Als sogenannte Fertigarzneimittel müssen Heilwässer eine medizinische Wirksamkeit aufweisen, also beispielsweise Krankheiten vorbeugen, lindern oder sogar heilen können. Mögliche Anwendungsgebiete sind z.B. chronische Magen-Darm-Erkrankungen, verschiedenen Nierenleiden und Osteoporose.

Quellwasser

Auch Quellwasser stammt aus unterirdischen Wasservorkommen. Es muss aber keine nachweisbaren Wirkungen auf die Gesundheit haben, keine gleichbleibende Menge an Mineralien enthalten und wird nicht amtlich anerkannt.

An die Zusammensetzung von Quellwasser werden die gleichen Maßstäbe wie an Leitungswasser angelegt.

Tafelwasser

Tafelwasser muss nicht natürlichen Ursprungs sein. Es ist eine künstliche Mischung aus Leitungswasser und anderen Zutaten wie Salzwasser oder Mineralwasser.

Da Tafelwasser nicht an eine bestimmte Quelle gebunden ist, darf es an jedem Ort hergestellt und abgefüllt werden und auch "lose", also über Zapfanlagen, angeboten werden. Im Gegensatz zu Mineralwasser muss es nicht amtlich anerkannt werden.

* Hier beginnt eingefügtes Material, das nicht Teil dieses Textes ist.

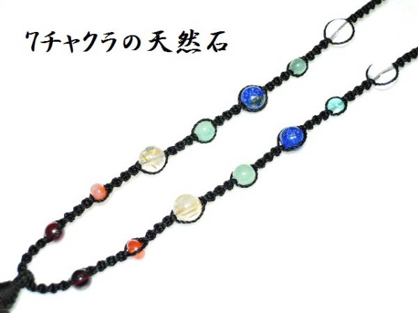 一緒に編みこんである石は、7チャクラに対応するヒーリングストーンです。

Zu wenig Wasser lässt schwindeln

Wenn das Klima heiß und drückend ist, können Beschwerden wie Kopfschmerzen und Kreislaufprobleme mit Schwindelgefühlen ein Hinweis auf einen Wassermangel im Körper sein. Viele Menschen trinken zwar genug, aber nicht das Richtige. Alkoholika, zuckerhaltige Limonaden, Milchmischgetränke oder Säfte sind keine guten Durstlöscher, im Gegenteil.

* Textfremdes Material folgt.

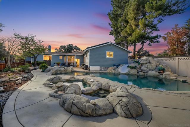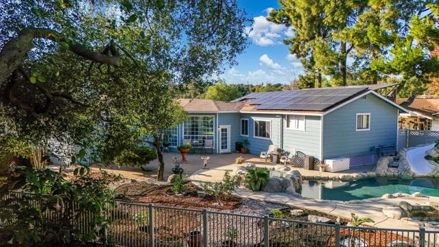 OWNED SOLAR. Nestled in the serene hills of San Diego County, this exceptional estate offers a rare blend of privacy, character, and outdoor living in one of Fallbrook’s most desirable neighborhoods. Set on expansive grounds, the property welcomes you with mature landscaping, majestic live oak trees, and citrus fruit trees that surround the home, adding both beauty and function to the setting. The residence showcases timeless charm with brick accents, warm wood details, and thoughtfully designed living spaces filled with natural light. Large windows frame peaceful views of the property, creating a seamless connection between indoor comfort and the outdoors. The backyard is a true retreat, featuring a private pool with slide, spa, waterfall, and tranquil pond, perfect for relaxing or entertaining. A fully fenced section of the yard provides a safe and dedicated space for dogs, while the remaining outdoor areas offer ample room for gatherings, gardening, or future enhancements. Additional highlights include cozy fireplaces, built-in cabinetry, and a spacious garage with a workshop area. This property delivers the ideal balance of quiet country living and convenient access to local amenities, making it a standout opportunity in the Fallbrook community.
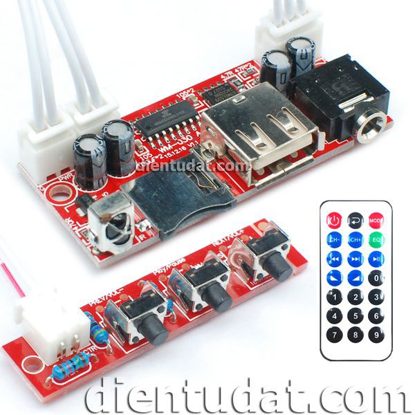 Mạch Giải Mã MP3 TF USB Kèm Bàn Phím - Remote Hồng Ngoại có chức năng giải mã âm thanh từ USB, thẻ nhớ. Mạch được tích hợp mắt đọc hồng ngoại giúp điều chỉnh các chức năng của mạch thông qua remote hồng ngoại. Ngoài ra cũng có thể sử dụng bộ bàn phím đi kèm để điều chỉnh các chức năng của mạch.Thông số kỹ thuật: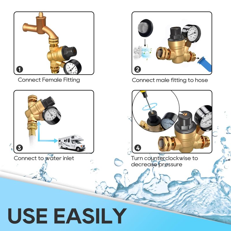 - Function: Prevent water pipes from being damaged due to high pressure, suitable for campers, trailers, and RV plumbing systems.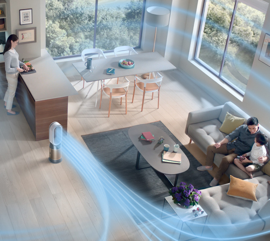 Tehnologia Air Multiplier eliberează aerul purificat, care este ulterior pus în mișcare și amestecat cu aerul din cameră pentru o acoperire completă.

Viel besser geeignet sind Mineralwasser oder gutes Trinkwasser. Wer es pur nicht mag, kann es auch mit Saft mischen, wobei das Mischungsverhältnis ein Teil Saft und zwei Teile Mineralwasser betragen sollte. Da beim Schwitzen auch reichlich Salz verloren geht, ist ein Mineralwasser mit mindestens 250 Milligramm Natriumgehalt zu empfehlen. Wichtig ist außerdem, dass nicht zu viel auf einmal getrunken wird, sondern in kleinen Schlucken über den Tag verteilt. Denn zu schnell aufgenommenes Wasser wird auch schnell wieder von den Nieren ausgeschieden bzw. an heißen Tagen ausgeschwitzt.

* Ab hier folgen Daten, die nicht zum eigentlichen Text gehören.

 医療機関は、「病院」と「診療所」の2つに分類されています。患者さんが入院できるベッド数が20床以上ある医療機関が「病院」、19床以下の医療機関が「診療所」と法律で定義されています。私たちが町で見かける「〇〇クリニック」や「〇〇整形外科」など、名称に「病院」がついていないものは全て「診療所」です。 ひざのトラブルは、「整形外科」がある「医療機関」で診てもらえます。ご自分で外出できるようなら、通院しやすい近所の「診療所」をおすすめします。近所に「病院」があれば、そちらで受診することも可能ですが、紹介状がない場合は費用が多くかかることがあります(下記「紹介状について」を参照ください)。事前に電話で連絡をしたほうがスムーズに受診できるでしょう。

Die richtige Trinkmenge ist jedoch nicht nur für den Wasserhaushalt des Körpers wichtig, sondern auch für die Verdauung. Denn der Körper resorbiert das Wasser aus dem Darm. Wer bei warmem Wetter plötzlich unter Verstopfung leidet, sollte unbedingt die tägliche Zufuhr erhöhen. Denn ein zu fester Stuhlgang deutet auf eine deutlich zu geringe Trinkmenge hin.